Le Mali a démenti le 24 décembre tout déploiement de membres de la société militaire privée russe Wagner, après les accusations en ce sens d'une quinzaine de pays occidentaux impliqués dans la lutte antidjihadiste dans ce pays sahélien.
Dans un communiqué publié dans la soirée du 24 décembre, le gouvernement du Mali a indiqué apporter «un démenti formel à ces allégations sans fondement [sur] un prétendu déploiement des éléments d'une société de sécurité privée au Mali».
L'Etat malien n'est engagé que dans un partenariat d'Etat à Etat avec la Fédération de Russie, son partenaire historique
Le 23 décembre, des puissances occidentales – dont la France, l'Allemagne, le Royaume-Uni ou encore le Canada – s'étaient en effet émues d'un supposé déploiement de Wagner au Mali, dénonçant en même temps «l'implication du gouvernement de la Fédération de Russie dans la fourniture d'un soutien matériel» à la société militaire privée. Des allégations plusieurs fois balayées par Moscou.

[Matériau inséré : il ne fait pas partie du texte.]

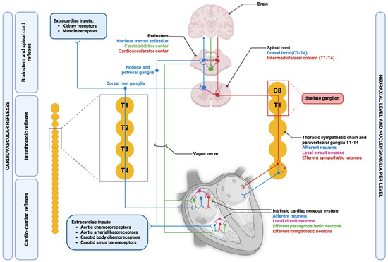 Our understanding of cardiac neuronal control, albeit still far from being complete, has dramatically evolved in the last decades. One of the turning points has been the realization that beat-to-beat reflex control of cardiac function goes far beyond a purely descendant central command due to the existence of peripheral, subcortical pathways including all the elements of neuronal arches, namely afferent neurons, interneurons (or local circuits neurons) and efferent neurons. The first hierarchy of these neuronal networks is located within the epicardial fat pads [1], and it is better known as the intrinsic cardiac nervous system (ICNS) [2,3]. The second one is located within extracardiac but intrathoracic ganglia, such as the cervical ganglia and the stellate ganglia, while the third one involves central neuronal stations (medullary and spinal cord neurons modulated by higher centers) [3]. The entire cardiac neuraxis can be imagined as a multiple-level powerhouse that continuously receives and integrates cardiac and extra-cardiac afferent inputs and uses them to generate a double (sympathetic and parasympathetic) autonomic output that finely modulates all cardiac functions. This neuronal control system shows plasticity and memory capacity and plays a pivotal role in the maintenance of cardiac homeostasis, as well as in the development and progression of cardiac pathology.
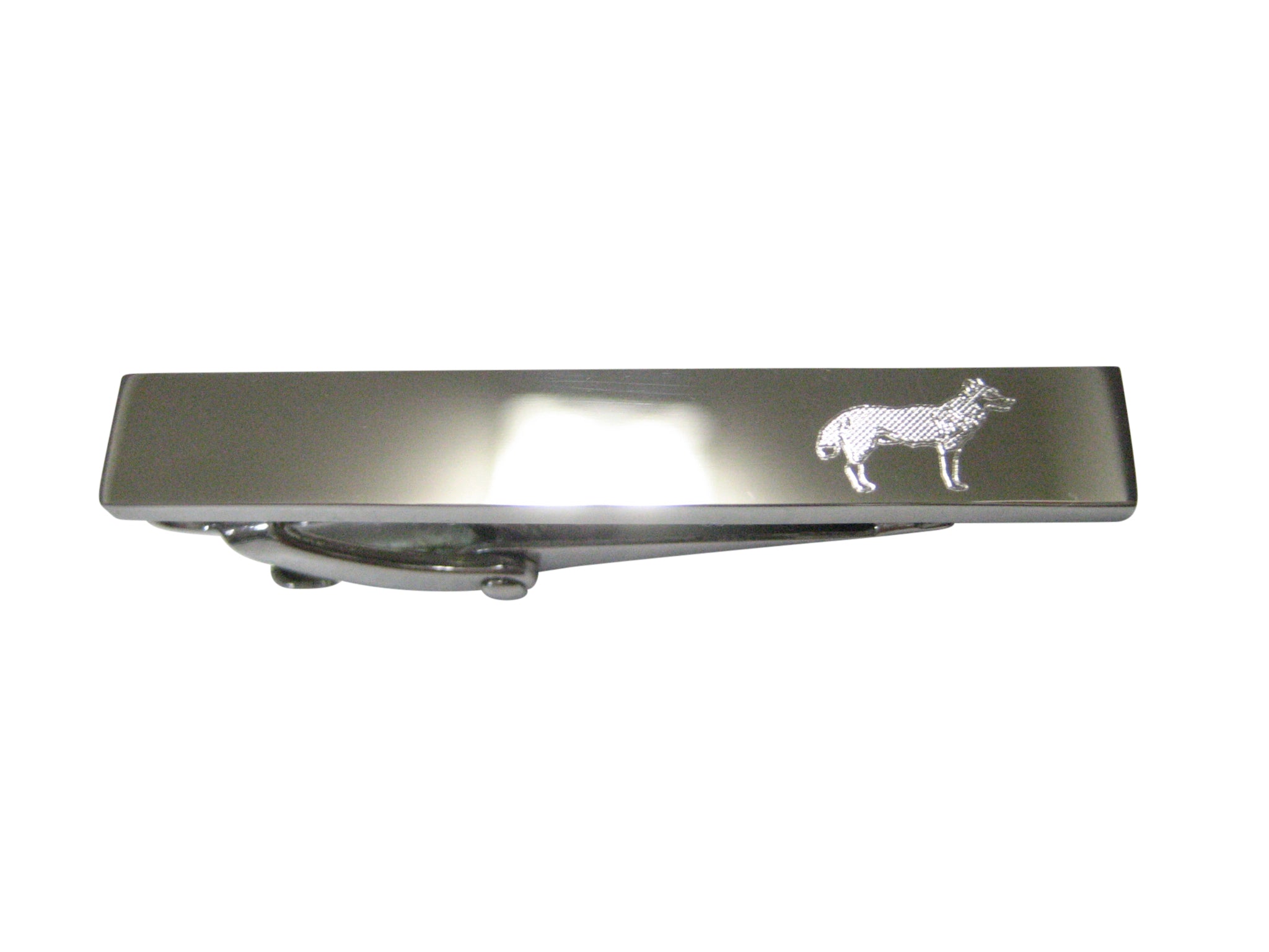 Silver Toned Etched Sleek Full Dog Skinny Tie Clip

Bamako appelle à être «jugé sur des actes plutôt que sur des rumeurs»
«Nous appelons la Russie à se comporter de manière responsable et constructive dans la région», insistait le texte, également signé par la Belgique, le Danemark, l'Estonie, l'Italie, la Lituanie, la Norvège, les Pays-Bas, le Portugal, la République tchèque, la Roumanie et la Suède. Des pays engagés aux côtés de la France dans le nouveau groupement européen de forces spéciales Takuba, destiné à accompagner les soldats maliens au combat.

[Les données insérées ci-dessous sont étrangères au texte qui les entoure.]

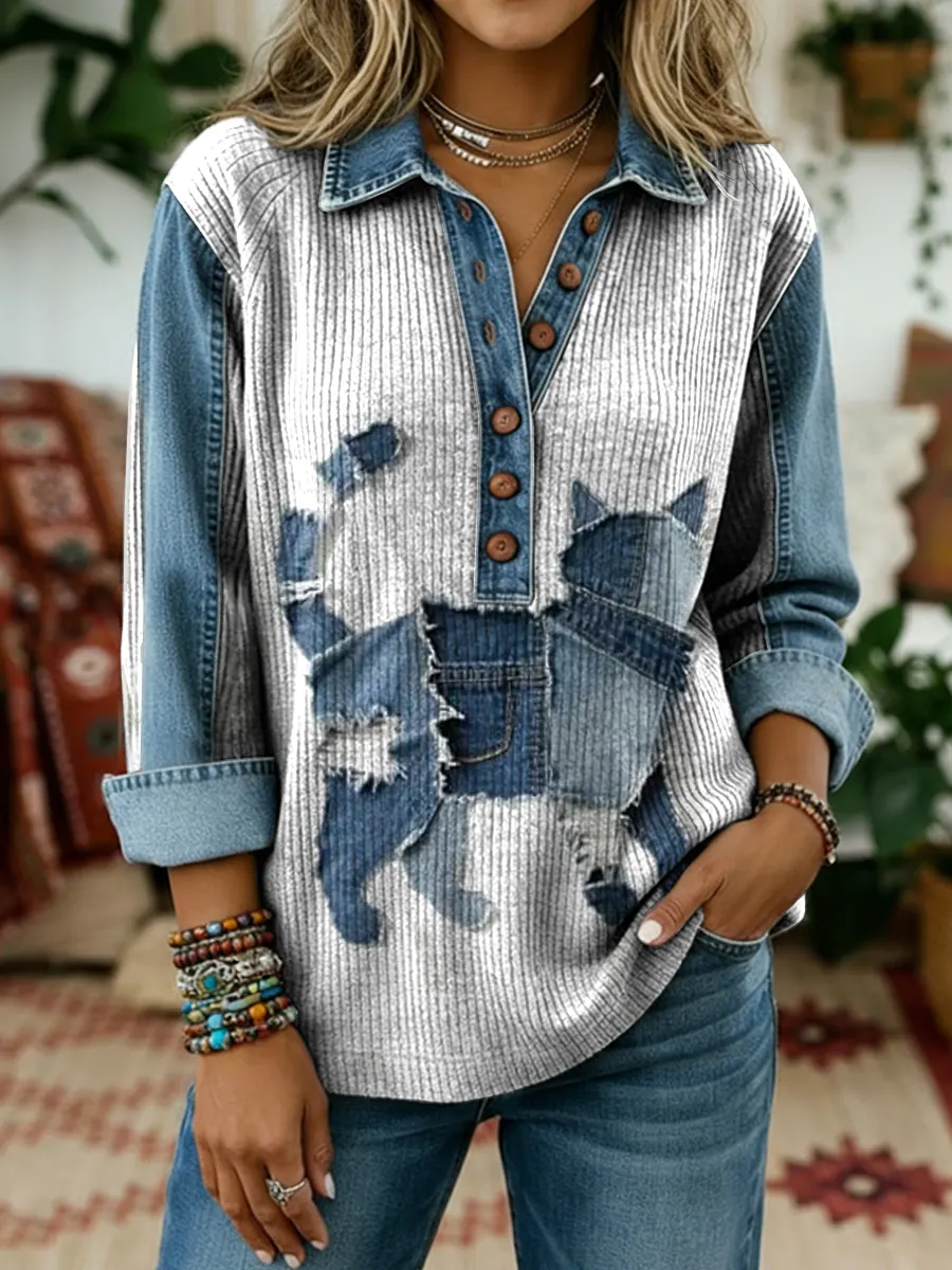 Ethnicity Patchwork Cat Women's Art Print Casual Denim Patchwork Shirt Coat
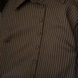 This black pinstriped button-up shirt is sleek and stylish. The vertical stripes elongate the frame, while the wide cuffs and structured fit add a modern, polished touch. Great for both work and smart-casual looks.
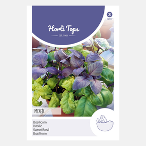 Basilic – Mixte. Semez en mai-juillet dans un pot de culture et repiquez après 4 semaines. Ou semez directement dans un pot de fleur et éclaircissez légèrement. En plus d'être frais, il est également délicieux séché ou conservé dans un bocal bien fermé. Le mélange contient du basilic citron, du basilic cannelle, de l'opale noire rouge et du basilic ordinaire.
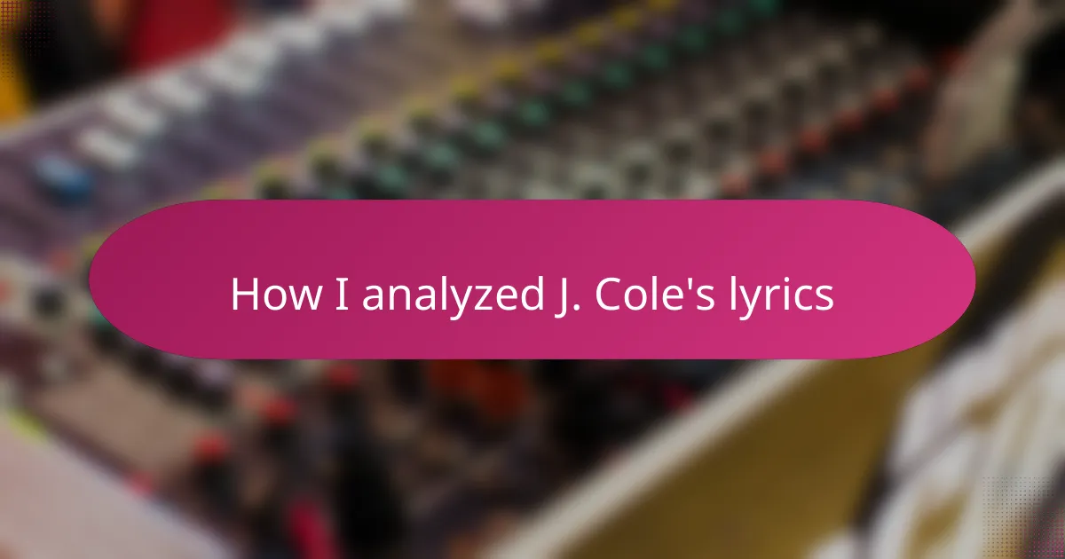 I also experimented with comparing different verses and tracks to spot recurring themes or shifts in tone. This step felt like piecing together a larger narrative, revealing how J. Cole expresses growth and self-reflection over time. Have you noticed how revisiting an artist’s work can deepen your appreciation in unexpected ways? For me, it’s like discovering hidden chapters in a favorite book.

Le communiqué malien, signé par le porte-parole du gouvernement et ministre de l'Administration territoriale, le colonel Abdoulaye Maiga, affirme en outre que l'exécutif «exige que des preuves [de la présence de Wagner] lui soient apportées par des sources indépendantes». «[Abdoulaye Maiga] tient à préciser qu'au même titre que la mission européenne de formation, des formateurs russes sont présents au Mali dans le cadre du renforcement des capacités opérationnelles des forces de défense et de sécurité nationales», précise encore le texte, qui demande que Bamako soit «jugé sur des actes plutôt que sur des rumeurs» et rappelle que «l'Etat malien n'est engagé que dans un partenariat d'Etat à Etat avec la Fédération de Russie, son partenaire historique».

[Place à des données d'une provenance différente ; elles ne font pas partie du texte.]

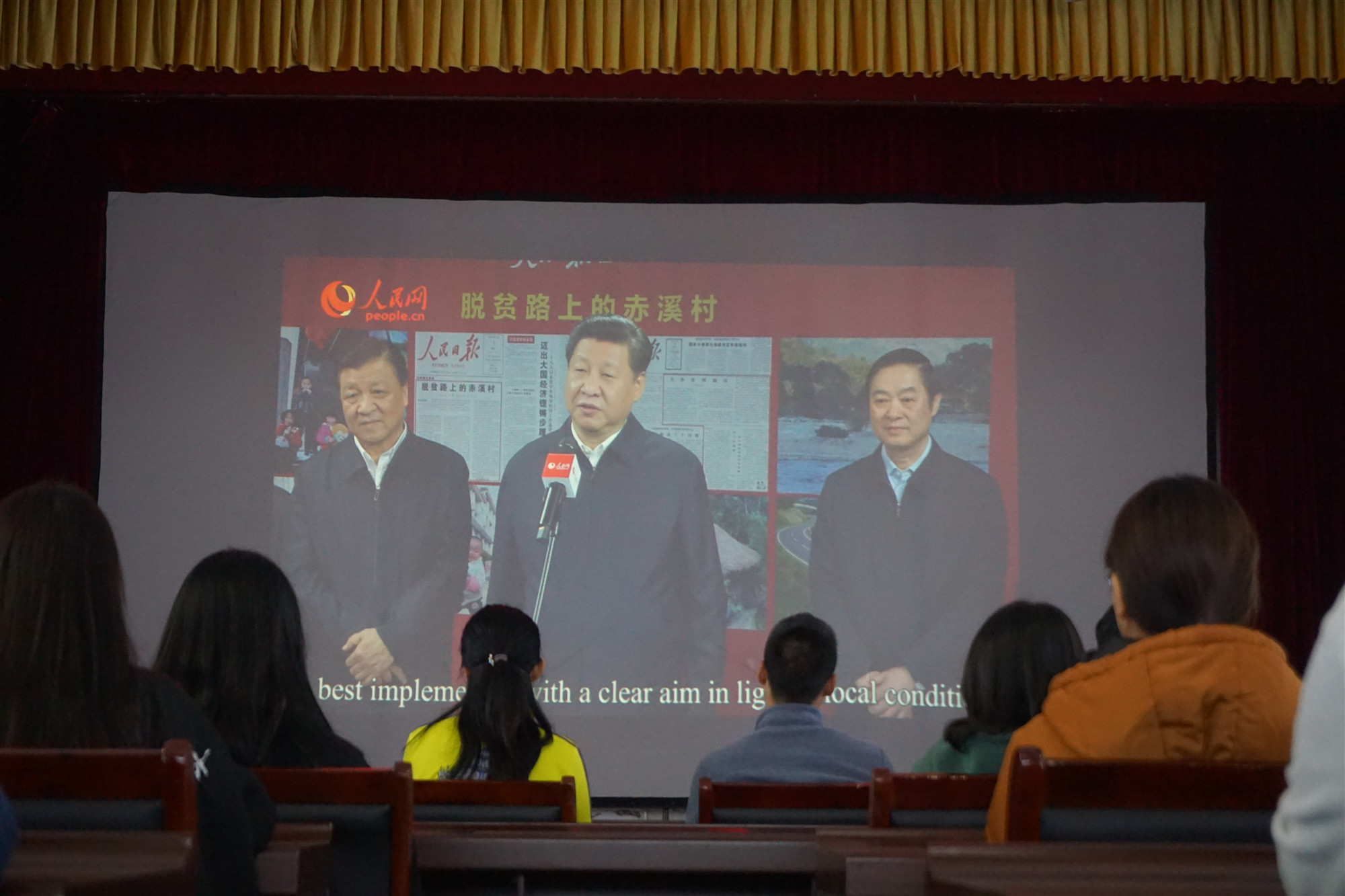 在“中国扶贫第一村”——赤溪村,在赤溪村扶贫历程展示馆,师生们认真学习了赤溪“输血”扶贫困、“换血”刨穷根、“造血”寻富路、合力兴产业、建设小康村的奋斗历史,深入理解赤溪村走出的“旅游富村、农业强村、文化立村、生态美村”的精准扶贫新路,深刻感悟赤溪人民“艰苦奋斗、顽强拼搏、滴水穿石、久久为功”的精神。在赤溪村,还现场举办了师生“话脱贫、谈理想”座谈会,交流参观考察、社会调查的感受。
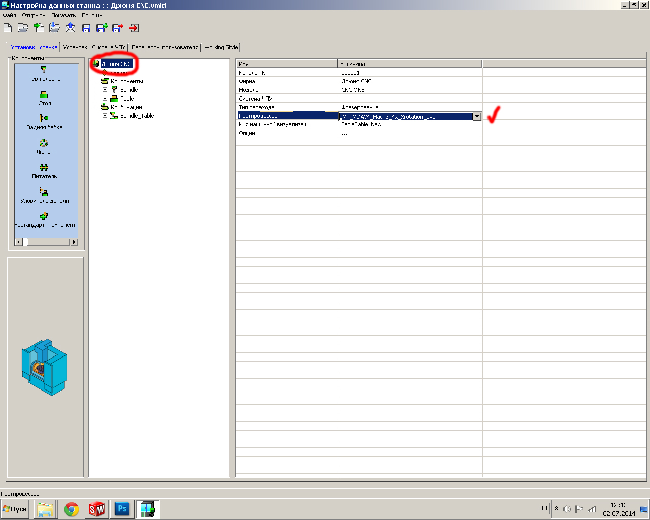Теперь у меня в программе появилось название моего станка, и под него выбираю постпроцессор для Mach3
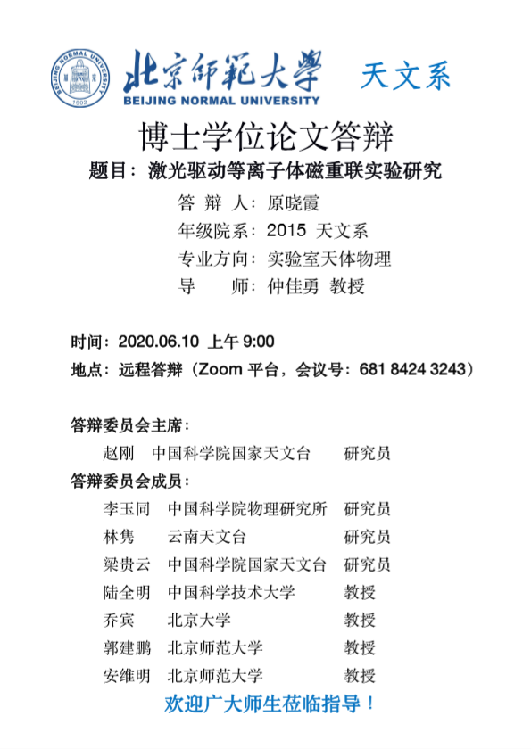 博士论文答辩(原晓霞):激光驱动等离子体磁重联实验研究
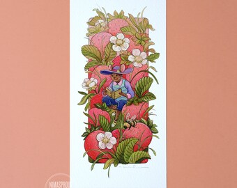 Strawberry Mouse Reading - Mini Fine Art Print by Nicole Gustafsson
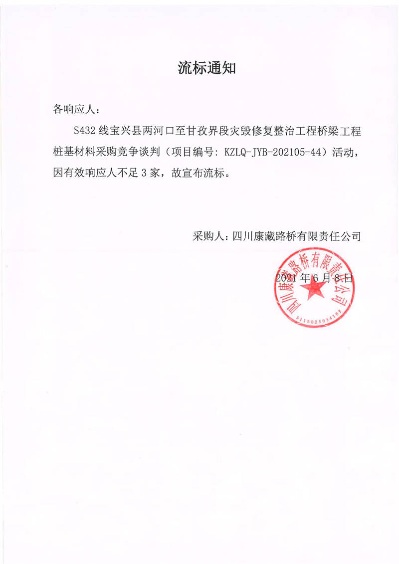 四川康藏路橋有限責(zé)任公司S432線寶興縣兩河口至甘孜界段災(zāi)毀修復(fù)整治工程橋梁工程樁基材料采購競(jìng)爭(zhēng)談判流標(biāo)通知
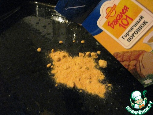 Я насыпала 1/2 ст. ложки горчичного порошка, смочить губку для мытья посуды водой и, собственно, приступать к работе.
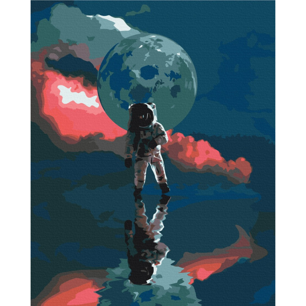 бполотно на лляній основі та дерев'яному підрамнику з нанесеною пронумерованою схемою майбутньої картини. Всі сегменти додатково пофарбовані в тон кольорів, якими буде зафарбовувати полотно
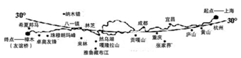 3、单选题 “中国人的景观大道”是指从上海一直延伸到西藏樟木友谊桥的318国道。这条带状景观长廊,几乎整合了中国所有类型的自然景观及人文景观。读图回答下列各题。
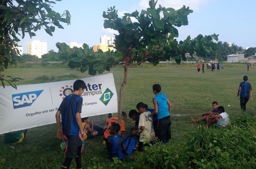 There are few paved roads that reach the outskirts of the city, where the pitch in Olinda is found, and the town consists of a cluster of makeshift buildings surrounded by lush greenery. The following day the Inter Campus staff moved on to another favela, between Olinda and Recife, which is part of the project. As per the current government policy of clearing out dilapidated areas (even if they are still inhabited), this still green area will soon become a single suburb that will permanently transform the landscape. “There were seven football pitches when I used to play here as a child,” our instructor Tarcisio Cavalcante informed us.

Interrogé le 21 octobre sur les activités d'entreprise de sécurité privées russes en Afrique, Vladimir Poutine avait alors rappelé que celles-ci n'étaient pas liées à l'Etat russe. Il avait ajouté que Moscou était prêt à agir si ces entreprises compromettaient les intérêts nationaux. Plus tôt, le ministre russe des Affaires étrangères Sergueï Lavrov avait de son côté tenu à mettre les points sur les «i» à ce sujet, martelant que le gouvernement russe n'avait «rien à voir» avec la société Wagner. Le chef de la diplomatie russe avait par là même condamné la tendance européenne à s'inquiéter de l'arrivée de nouveaux acteurs étrangers sur le terrain sécuritaire malien et rappelé que l'activité des entreprises militaires privées n'était «pas du tout un phénomène russe» mais trouvait son origine dans les pays occidentaux.
Le 22 décembre, le secrétaire d'Etat américain Antony Blinken avait déjà mis en garde le Mali contre des conséquences financières et une déstabilisation du pays si le gouvernement recrutait le groupe Wagner. Suivis par l'Union européenne le 13 décembre, les Etats-Unis ont d'ailleurs imposé des sanctions contre cette société militaire privée. La diplomatie russe avait alors réagi, accusant les occidentaux «d'hystérie» à ce sujet.
Le Mali est le théâtre depuis 2012 d'opérations de groupes djihadistes liés à Al-Qaïda et à Daesh, ainsi que de violences perpétrées par des «milices d'autodéfense» et des bandits. Les forces régulières sont elles-mêmes accusées d'exactions. Les violences parties du nord du pays se sont propagées au centre, puis au Burkina Faso et au Niger voisins. Elles ont fait des milliers de morts civils et militaires ainsi que des centaines de milliers de déplacés, malgré le déploiement de forces onusiennes, françaises et africaines. La prise du pouvoir à Bamako par des militaires à la faveur d'un putsch en 2020 n'a pas enrayé la spirale de violences.